▸ **TASK DESCRIPTION**:
Below are some records. Set down exactly the line holding "会后王光意董事长代表广西易德" and every later line through the end, omitting the pictures.

▸ **MATERIALS PROVIDED**:
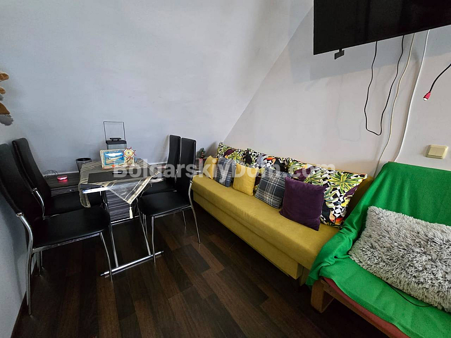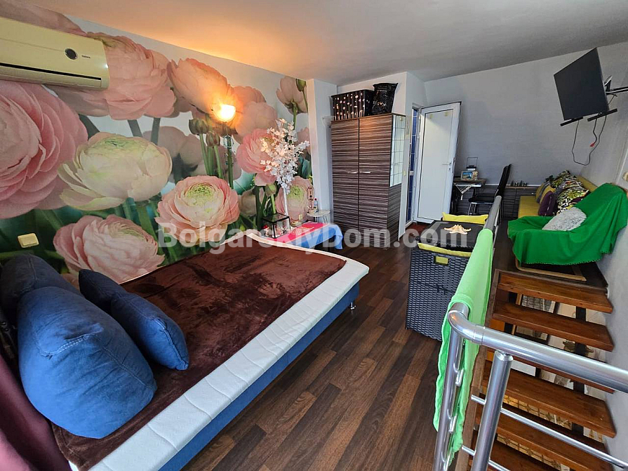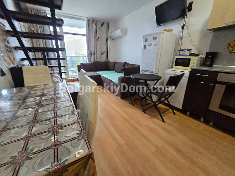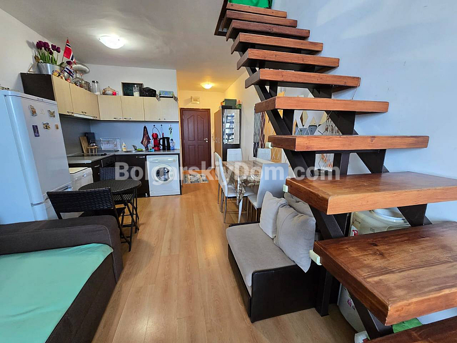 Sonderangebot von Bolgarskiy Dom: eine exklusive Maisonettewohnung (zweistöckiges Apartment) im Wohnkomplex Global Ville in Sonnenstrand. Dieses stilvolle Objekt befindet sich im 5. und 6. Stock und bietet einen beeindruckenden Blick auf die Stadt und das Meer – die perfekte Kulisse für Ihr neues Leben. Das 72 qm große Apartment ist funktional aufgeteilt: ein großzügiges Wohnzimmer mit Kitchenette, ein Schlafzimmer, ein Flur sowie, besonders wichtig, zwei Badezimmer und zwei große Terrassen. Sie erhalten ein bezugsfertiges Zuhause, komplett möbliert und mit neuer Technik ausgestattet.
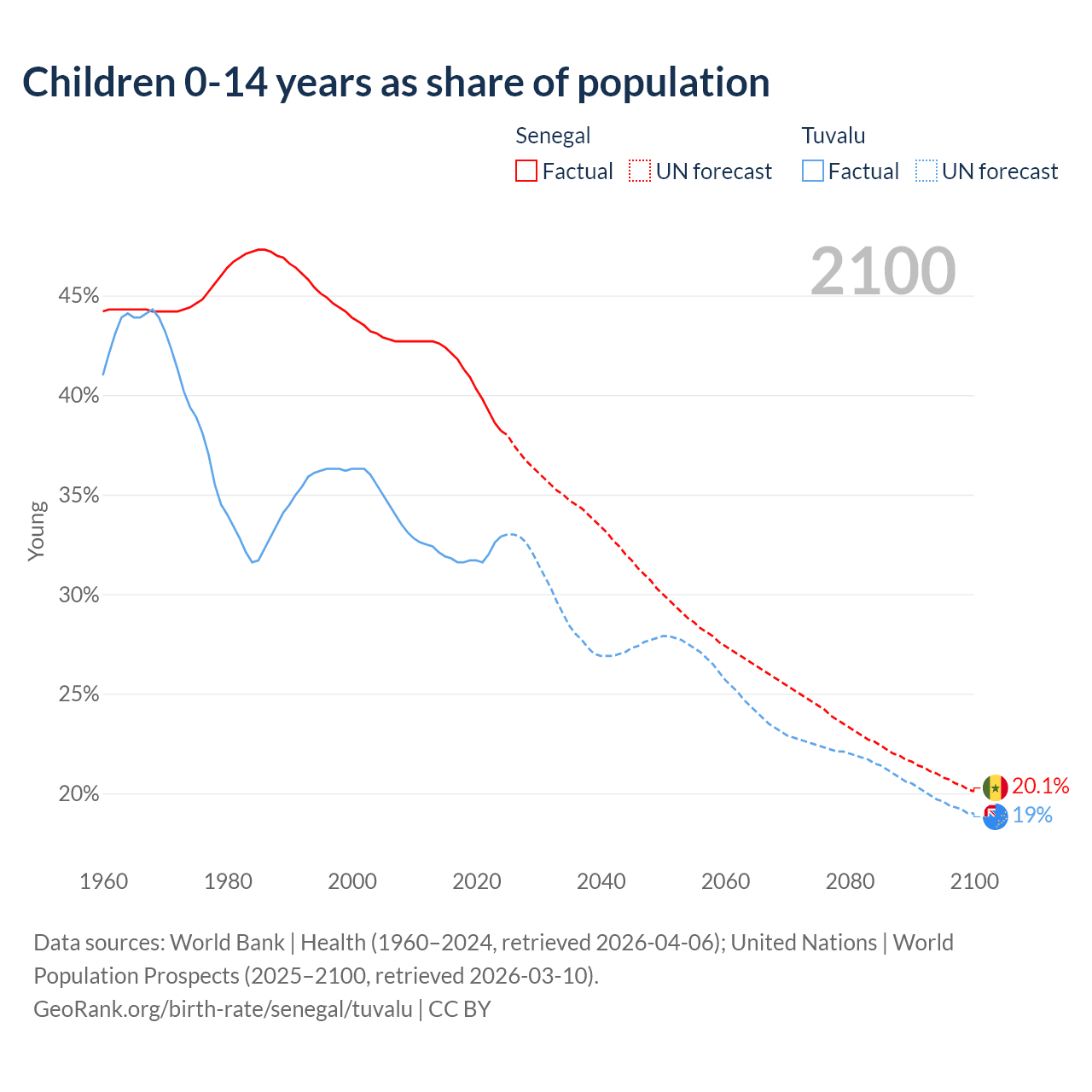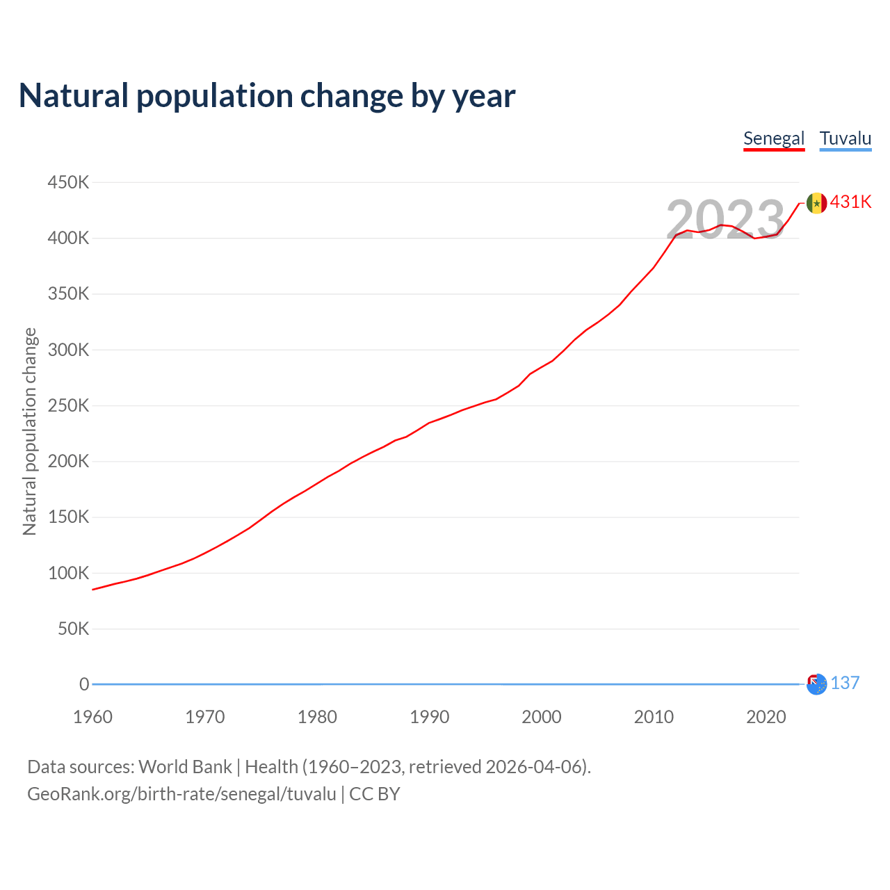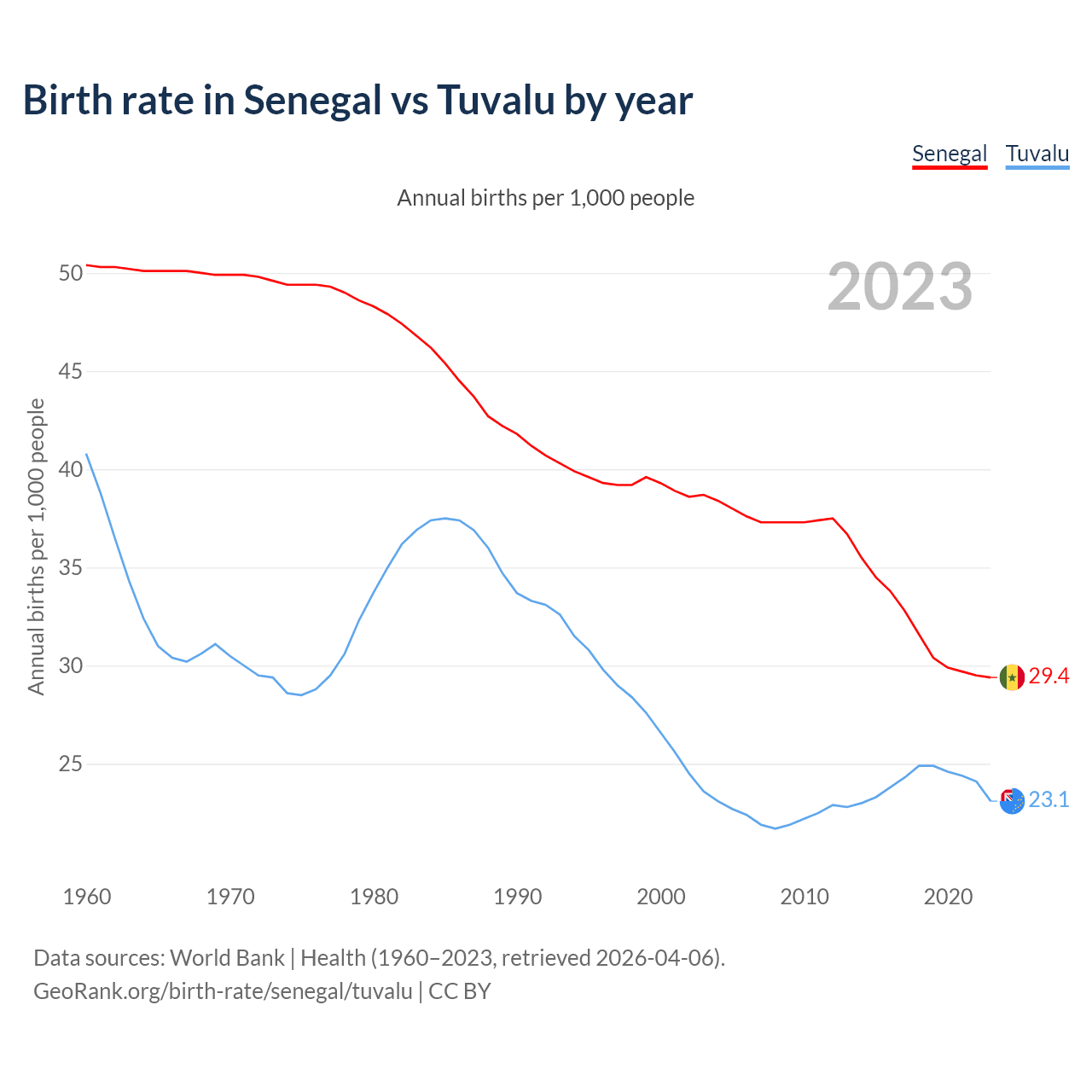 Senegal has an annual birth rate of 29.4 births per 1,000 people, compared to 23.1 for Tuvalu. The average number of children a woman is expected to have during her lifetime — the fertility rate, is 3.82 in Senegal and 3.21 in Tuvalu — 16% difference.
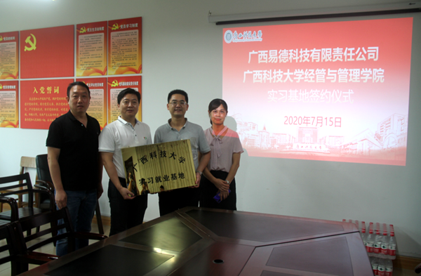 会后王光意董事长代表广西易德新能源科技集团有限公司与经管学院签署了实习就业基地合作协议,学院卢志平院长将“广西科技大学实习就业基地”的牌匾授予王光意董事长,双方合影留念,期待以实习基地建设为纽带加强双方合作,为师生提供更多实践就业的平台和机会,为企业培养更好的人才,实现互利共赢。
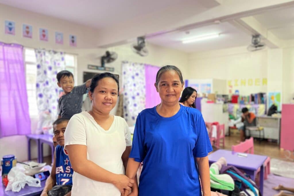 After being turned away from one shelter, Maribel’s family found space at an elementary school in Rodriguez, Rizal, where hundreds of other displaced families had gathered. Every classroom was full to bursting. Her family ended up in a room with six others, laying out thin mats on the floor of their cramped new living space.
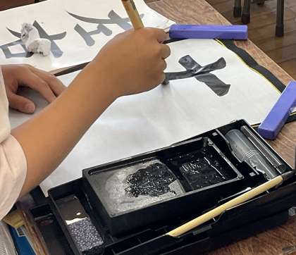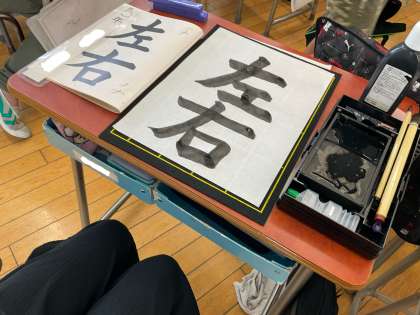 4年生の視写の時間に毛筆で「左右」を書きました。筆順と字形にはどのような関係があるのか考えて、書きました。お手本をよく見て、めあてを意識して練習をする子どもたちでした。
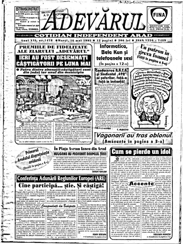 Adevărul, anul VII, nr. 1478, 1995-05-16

▸ **TASK OUTPUT**:
 会后王光意董事长代表广西易德新能源科技集团有限公司与经管学院签署了实习就业基地合作协议,学院卢志平院长将“广西科技大学实习就业基地”的牌匾授予王光意董事长,双方合影留念,期待以实习基地建设为纽带加强双方合作,为师生提供更多实践就业的平台和机会,为企业培养更好的人才,实现互利共赢。
 After being turned away from one shelter, Maribel’s family found space at an elementary school in Rodriguez, Rizal, where hundreds of other displaced families had gathered. Every classroom was full to bursting. Her family ended up in a room with six others, laying out thin mats on the floor of their cramped new living space.
 4年生の視写の時間に毛筆で「左右」を書きました。筆順と字形にはどのような関係があるのか考えて、書きました。お手本をよく見て、めあてを意識して練習をする子どもたちでした。
 Adevărul, anul VII, nr. 1478, 1995-05-16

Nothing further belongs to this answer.